:: INFORMATION SUPPLIED ::
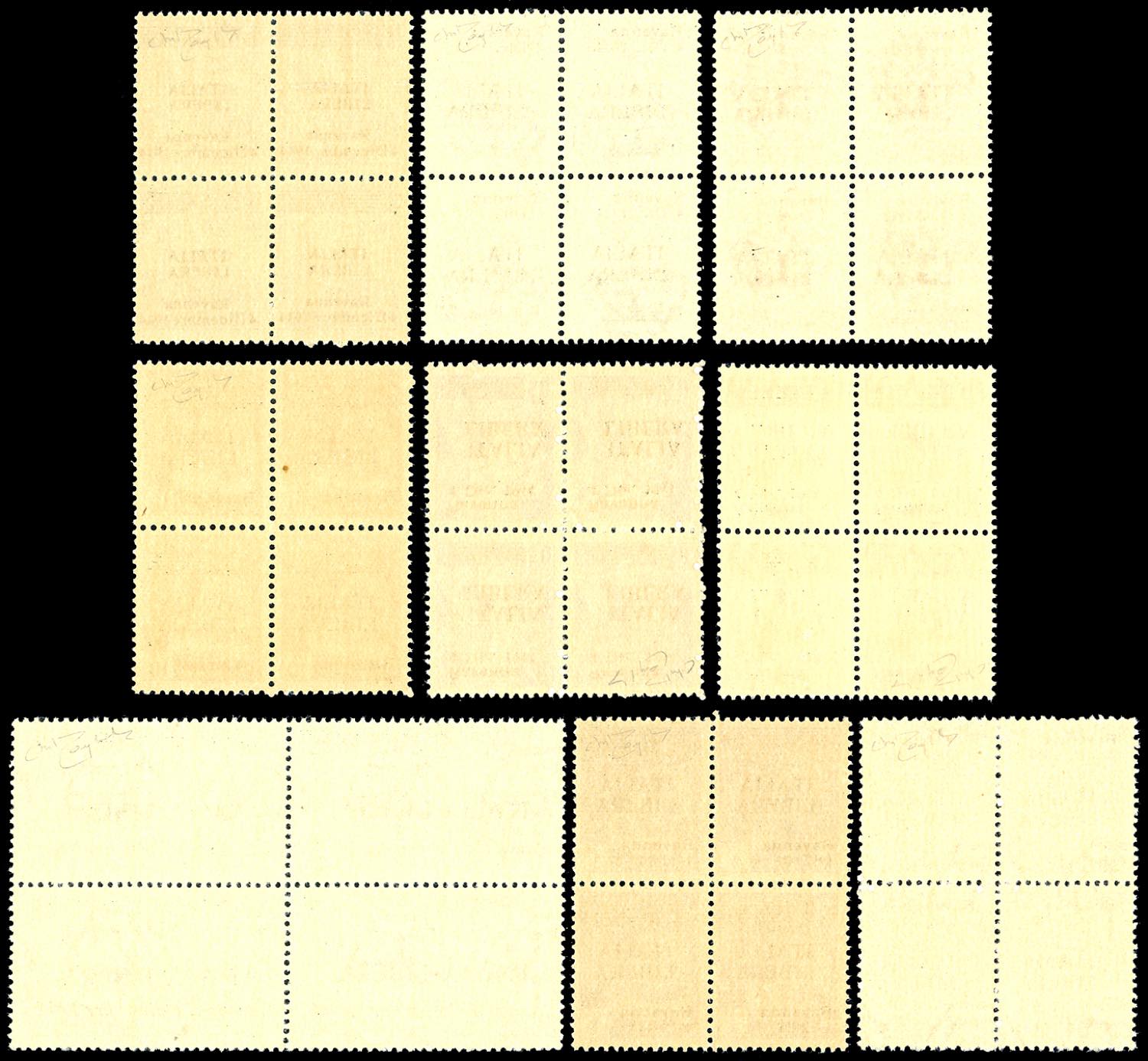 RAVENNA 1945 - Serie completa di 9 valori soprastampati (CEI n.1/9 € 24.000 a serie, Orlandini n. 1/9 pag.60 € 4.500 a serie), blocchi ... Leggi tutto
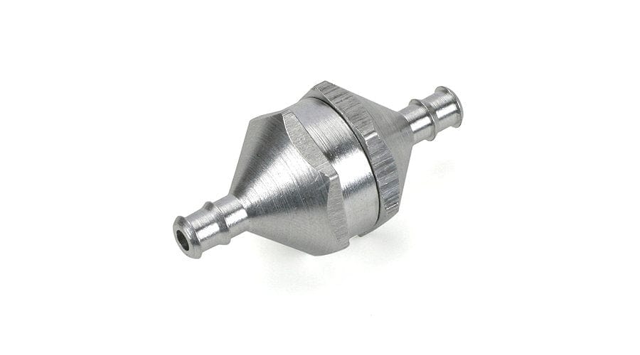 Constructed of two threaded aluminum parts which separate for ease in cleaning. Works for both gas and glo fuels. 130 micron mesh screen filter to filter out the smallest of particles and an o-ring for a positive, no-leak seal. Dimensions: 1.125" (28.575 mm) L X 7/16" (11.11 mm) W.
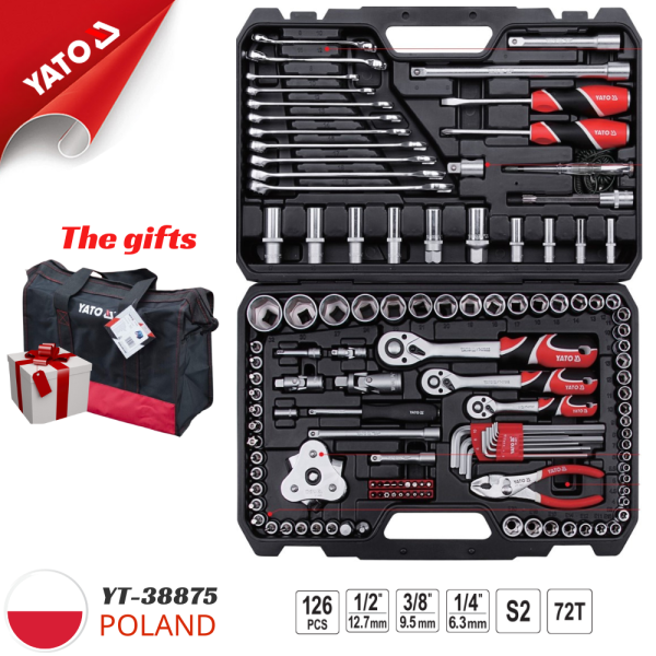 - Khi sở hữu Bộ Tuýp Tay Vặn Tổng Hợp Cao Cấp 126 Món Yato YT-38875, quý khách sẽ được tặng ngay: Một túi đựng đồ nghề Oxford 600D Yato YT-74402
:::
# [ACTION ITEM]
Without including any pictures, reproduce the listing exactly.

# [RESPONSE AREA]
 RAVENNA 1945 - Serie completa di 9 valori soprastampati (CEI n.1/9 € 24.000 a serie, Orlandini n. 1/9 pag.60 € 4.500 a serie), blocchi ... Leggi tutto
 Constructed of two threaded aluminum parts which separate for ease in cleaning. Works for both gas and glo fuels. 130 micron mesh screen filter to filter out the smallest of particles and an o-ring for a positive, no-leak seal. Dimensions: 1.125" (28.575 mm) L X 7/16" (11.11 mm) W.
 - Khi sở hữu Bộ Tuýp Tay Vặn Tổng Hợp Cao Cấp 126 Món Yato YT-38875, quý khách sẽ được tặng ngay: Một túi đựng đồ nghề Oxford 600D Yato YT-74402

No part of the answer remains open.